The new sultan was forty-six when he seized power after his father’s death. He had not been chosen for rule, nor was he the sultan’s eldest son. Ottoman imperial succession still followed a centuries-old tradition of having no appointed heir to the throne. The many sons of the sultan, brothers and half-brothers born in the harem to a multitude of Christian slaves who were never wed to the monarch and who were raised by these slaves in the palace, would have to fight for the throne. Whoever emerged victorious would then have his rivals killed—siblings, cousins, uncles, any male with a potential claim to the throne. This “law of fratricide” ensured that only the most ruthless of princes acceded to power.

Unfortunately for the empire, Abdülhamid had little to offer beyond a narcissistic craving for power. Guided by a monstrous ego, a fiery temper, and a rigid, incurious mind, he was far from qualified to deal with the economic tsunami caused by Huntington’s vision.

With the empire’s currency collapsing and its economy buckling under severe strain, Abdülhamid and his cabinet of self-serving sycophants put into place a series of measures that hit hard. Taxes were raised, although, much to the distaste of the populace, the askeri—the privileged ruling class of clergy, military, and state officials—were still exempt. Social services, particularly for schooling and medical care, were caught in a spiral of cuts. Inflation rose. Imperial public spending shrank, and the little that remained was earmarked for Istanbul, seat of the sultan, and its surroundings, where it was eaten away by the inflated price-rigging of the sultan’s cronies.

Unrest, inevitably, began to stir.

Some of it manifested physically: demonstrations and riots, which were swiftly shut down by the authorities using violence and mass arrests.

A different reaction to the economic crisis was far more insidious and harder to stifle: the questioning of absolute rule.

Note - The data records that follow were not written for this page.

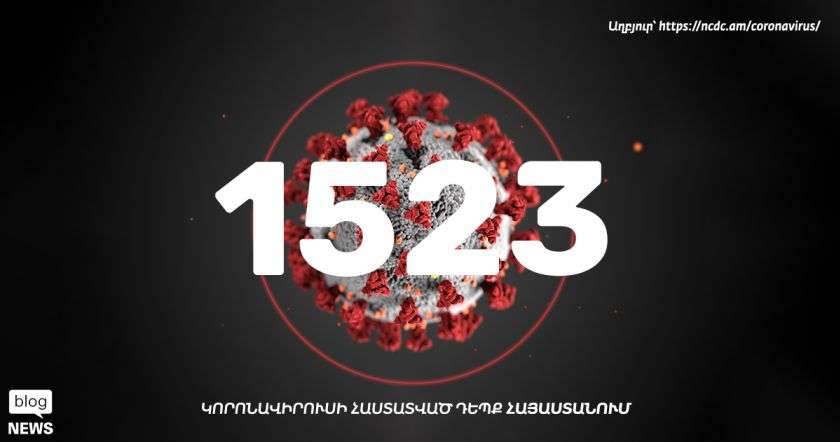Ըստ ՀՀ ԱՆ Հիվանդությունների վերահսկման և կանխարգելման ազգային կենտրոնի՝ ապրիլի 23-ի ժամը 11:00-ի դրությամբ իրականացված կորոնավիրուսային հիվանդության (COVID-19) թեստավորման արդյունքում Հայաստանում վարակվածների թիվը հասել է 1523-ի, ունենք առողջացման 659, մահվան՝ 24 դեպք, փաստացի բուժվողները 840-ն են, բացասական թեստեր՝ 15960:
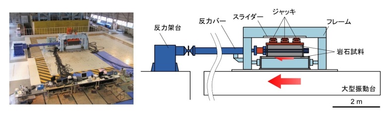 *Yamashita et al. (2021, Nature Communications)を改変図1 大型振動台を活用した岩石摩擦試験機の写真及び模式図。
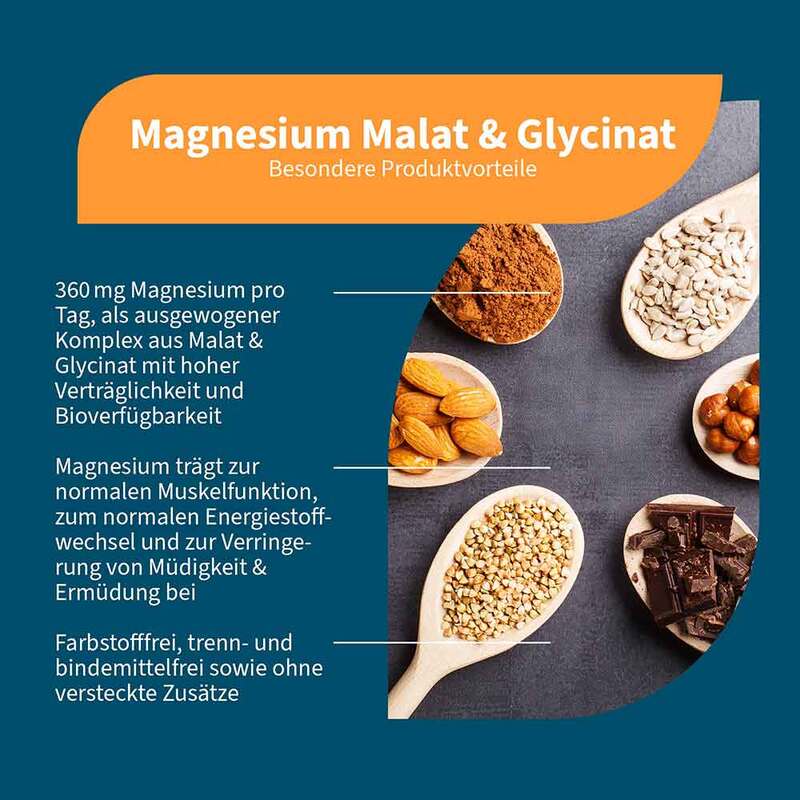 - Enthält zwei hochwertige Magnesiumverbindungen: Magnesiummalat und Magnesiumbisglycinat
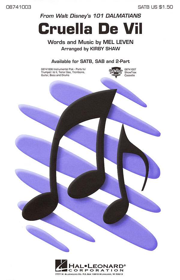 (from 101 Dalmations). This bluesy feature from Disney's animated hit movie 101 Dalmatians is just doggone fun to sing! Available: SATB, SAB, 2-Part, Instrumental Pak, ShowTrax Cassette. Performance Time: Approx. 2:50.
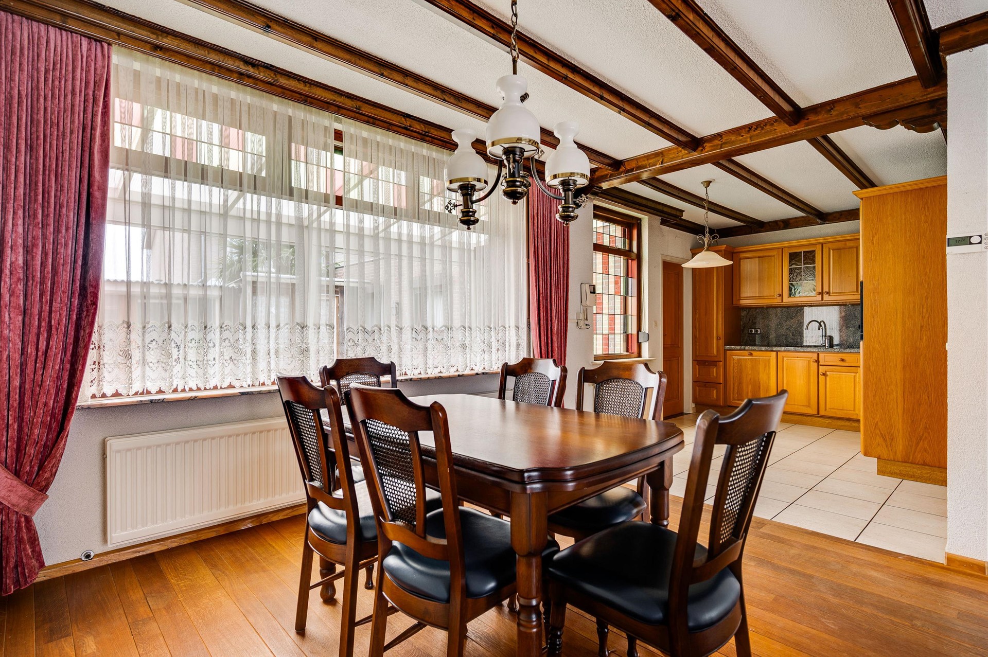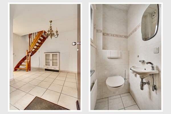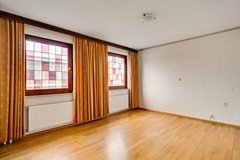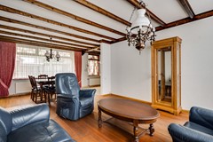 Via de diepe oprit bereik je de entree van de woning. De ruime ontvangsthal is praktisch ingedeeld en voorzien van een apart toilet met fontein, verwarming en mechanische afzuiging. Daarnaast bevinden zich hier de meterkast, houten trapopgang, garderobe en de doorgang naar zowel de keuken als de woonkamer. De doorzonwoonkamer is licht en ruim, met grote raampartijen aan beide zijden. Aan de achterzijde zijn elektrisch bedienbare rolluiken geplaatst, wat zorgt voor comfort en privacy. De woonkamer vormt een fijne basis om geheel naar eigen smaak te moderniseren.
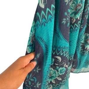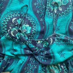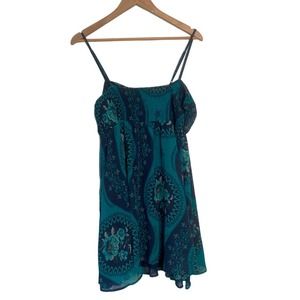 Free People Size L Eternal Spring Babydoll Boho Mini Dress Blue Floral
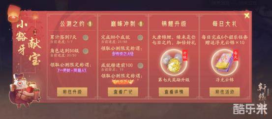 同时,累计登录7天且角色等级到达50级,可在公测时领取限定称谓“一把剑·同路人”。测试期间,大唐锦鲤抽奖活动将重磅加码,第7日更将送上加倍惊喜福利。本次测试中,达成88个成就,即可获得“传说之人”公测限定称谓;测试结束之时,进入成就榜前100名,更将在公测获得“传说之人”限定特效称谓,享受万众瞩目!
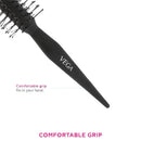Vega Round Brush is ideal for is ideal for adding body and volume and smoothing and curling hair. With reinforced stay-put ball tips and nylon bristles, it has an excellent grip allowing for easier styling and is suitable for all hair lengths.
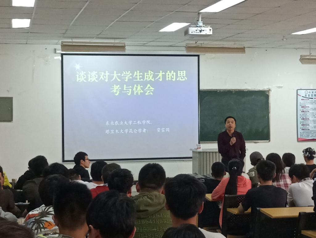 贾富国教授为学生做了关于《谈谈对大学生成才的思考与体会》的报告,通过自己如何将研究生曾勇(肉漫画
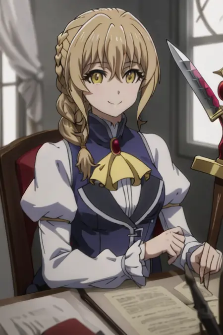트리거 단어는 guild_girl_goblinslayer이며, 권장 태그는 best quality, masterpiece, highres, solo, {guild_girl_goblinslayer:1.15}, blonde_hair, braid, yellow_eyes, long_hair, ascot, hair_between_eyes, smile, anime_coloring입니다.
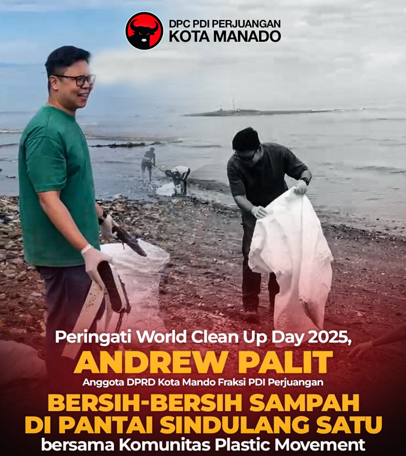 Anggota DPRD Kota Manado dari Fraksi PDI Perjuangan, Andrei Palit, turut ambil bagian dalam peringatan World Clean Up Day 2025 bersama komunitas Plastic Movement, Minggu (22/09/2025).
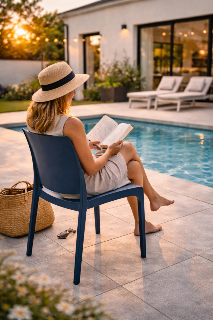 Ideális medence melletti teraszokra, kerti pihenősarkokba vagy modern kerti étkezőrészek kialakításához, ahol a friss színek és a letisztult kültéri bútorok dominálnak.
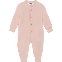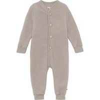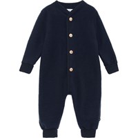 Lilla babyheldragt i blød fleece-kvalitet af 100 % merinould. Sparkedragten er særdeles velegnet som overtøj, når der skal gås tur i eller soves i barnevognen i de kolde efterårs- og vintermåneder. Dragten kan med fordel også benyttes indendørs, hvis der er gulvkoldt. Den har en rummelig pasform med knapper langs fronten og tætsluttende ribkanter med opsmøg ved ben- og ærmegab.
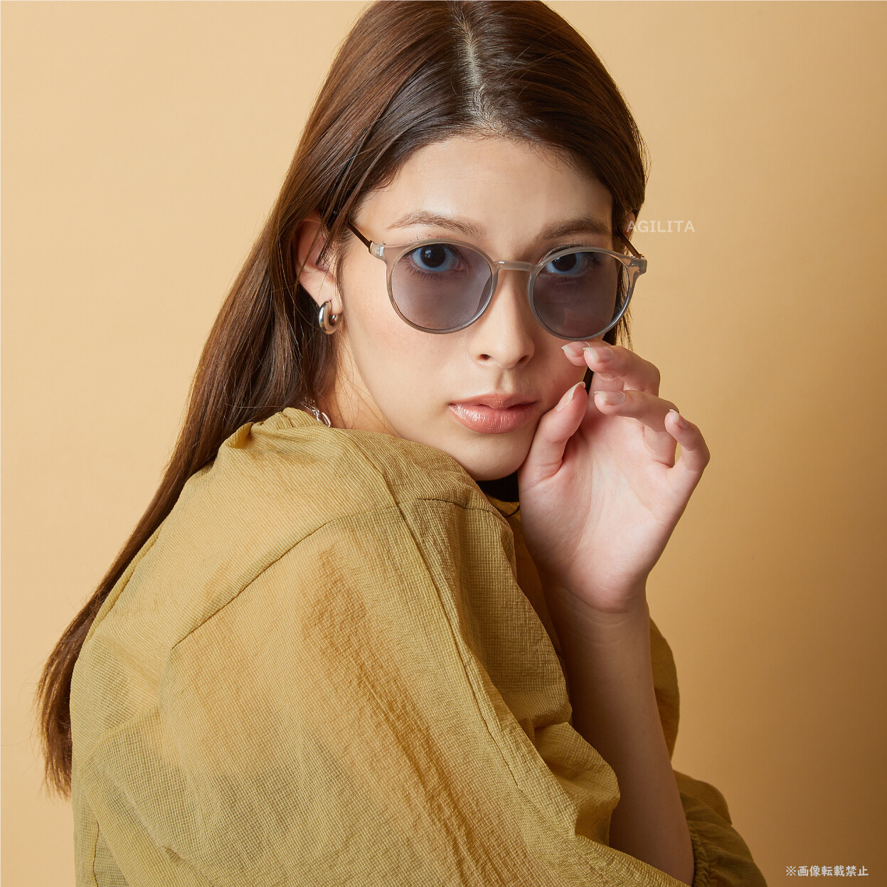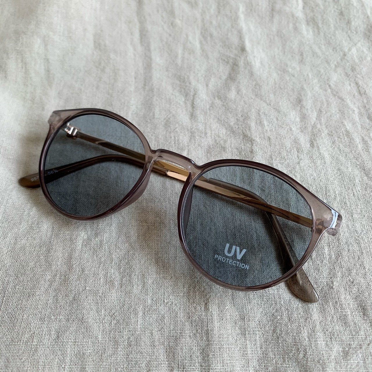 細めのフレームに淡いレンズカラーが魅力のサングラス。
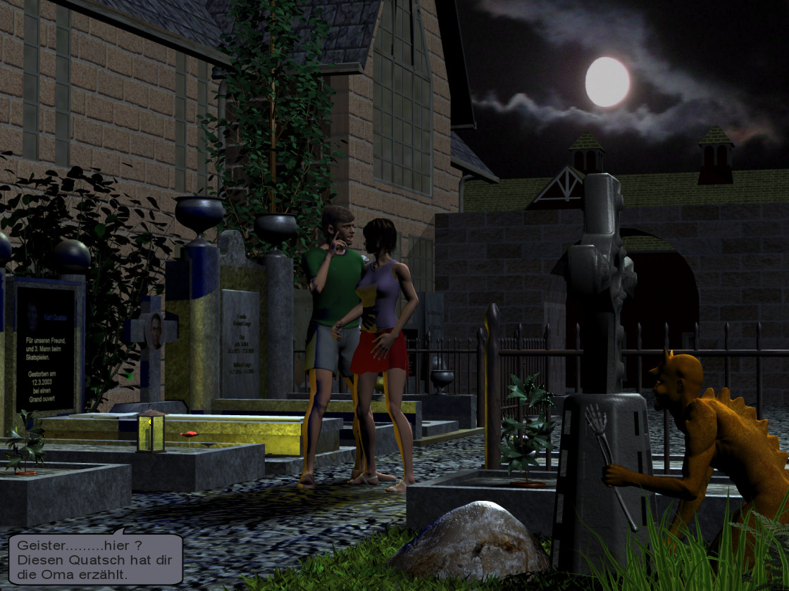 Sogar die Sprüche auf den Grabsteinen sind gut zu lesen. Nur eine kleine Sache habe ich anzumerken, ich finde dass die Pflanzen links etwas plastisch aussehen (die Blätter wirken so "statisch" und etwas unnatürlich). Aber ist nur eine Kleinigkeit; insgesamt: Klasse
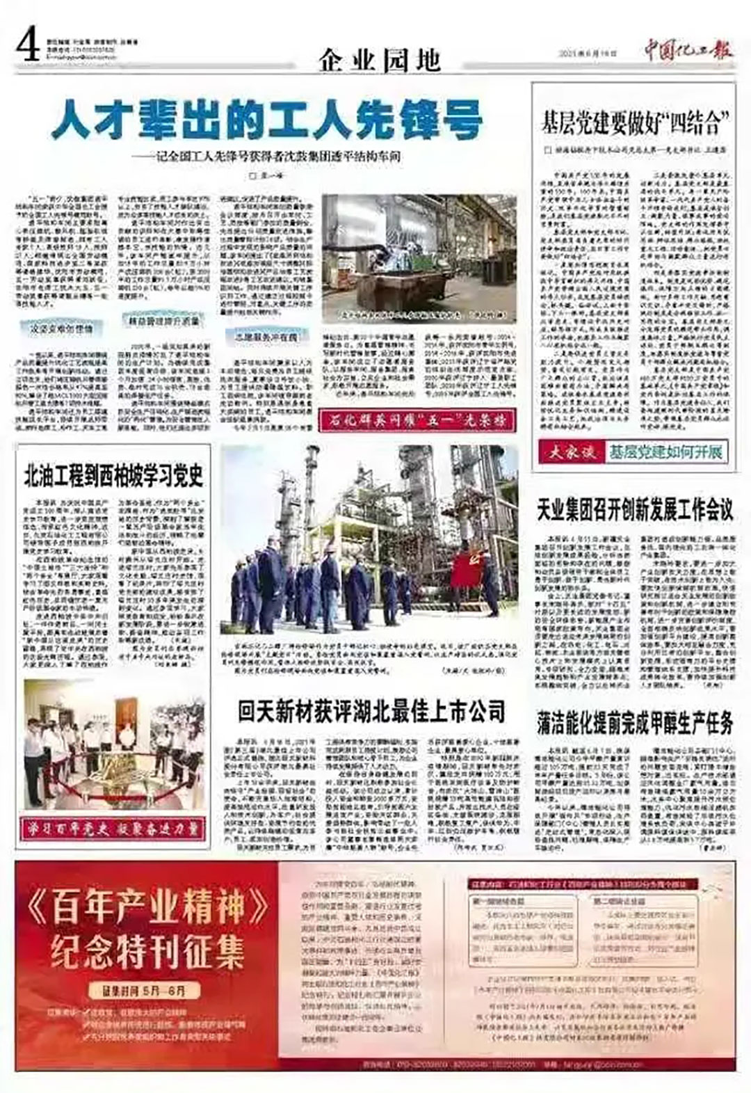 6月18日,《中國(guó)化工報(bào)》報(bào)道了全國(guó)工人先鋒號(hào)獲得者——沈鼓集團(tuán)結(jié)構(gòu)車間事跡。
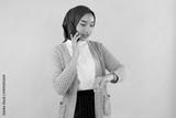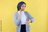 Young Asian Woman with Blue Hijab Talking at the Phone While Looking at Her Watch
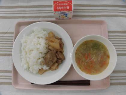 ごはん 豚肉とこんにゃくの煮物 ピリ辛中華スープ 牛乳
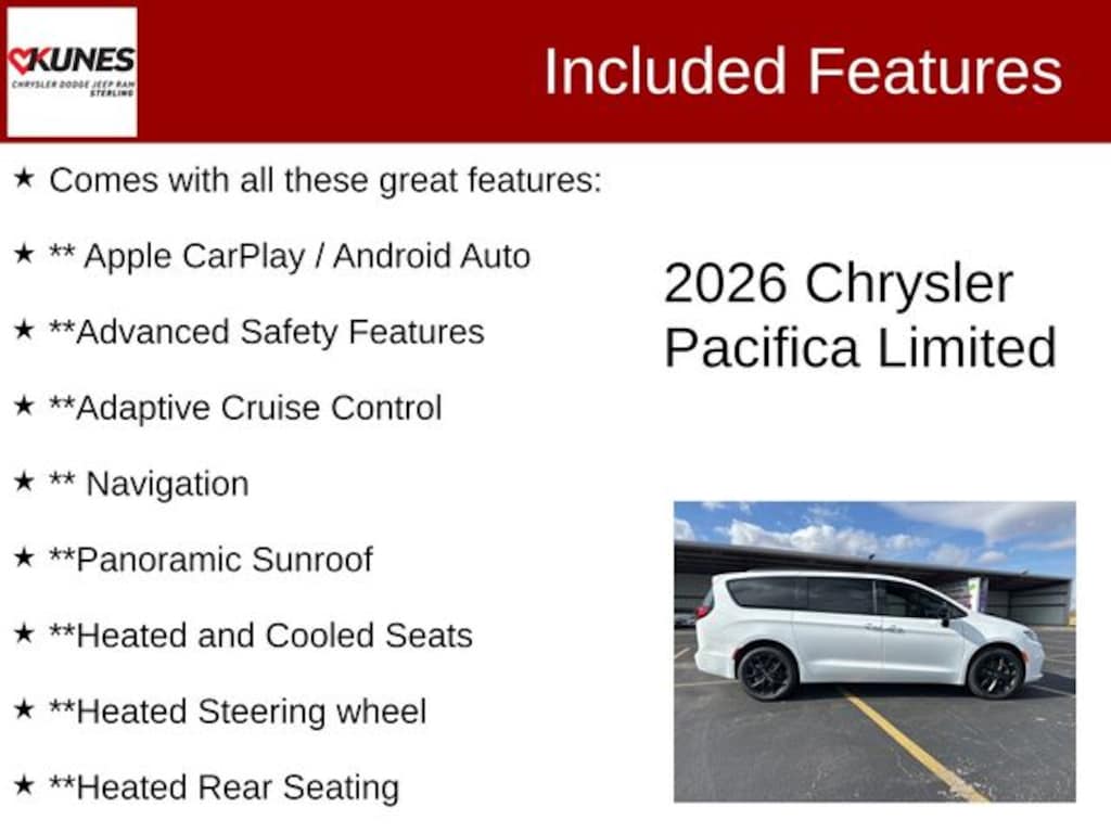 The 2026 Pacifica can carry all the passengers and cargo you need in style and comfort. Also included with every new vehicle: LIFETIME "NO FEAR" WARRANTY, FIRST OIL CHANGE, and AT HOME COURTESY DELIVERY! Call us for full details! We pride ourselves on honesty and integrity, but please note that mistakes or misprints due to human error are possible. Find out why our dealerships have won DealerRater.com DEALER OF THE YEAR a whopping 10 TIMES! Call, email, or live chat with one of our friendly sales professionals now to schedule your test drive! Prices shown do not include taxes, license, and title fees and a $367.70 documentary service fee. Price includes: $2250 - 2026 National Retail Bonus Cash . Exp. 11/03/2025

Galvanized by the widespread discontent, intellectuals across the empire—and nowhere more so than at the far reaches of the empire, in the ancient capital of arts and culture of Paris—began to explore alternatives to the centuries-old status quo. The whispers got louder. Radical ideas weren’t just being aired in private discussions anymore; previously unthinkable questions were finding their way into print and even into radio and television broadcasts.

The state hit back.

Mass surveillance, aided and abetted by the state’s mandatory “social credit system,” was expanded indiscriminately. Television and radio stations were nationalized and placed under the control of the Supreme Council for Radio and Television. Newspapers that questioned the state’s actions were vilified and purged of their best reporters before ending up under the stewardship of government insiders. Countless university professors and lawyers lost their jobs.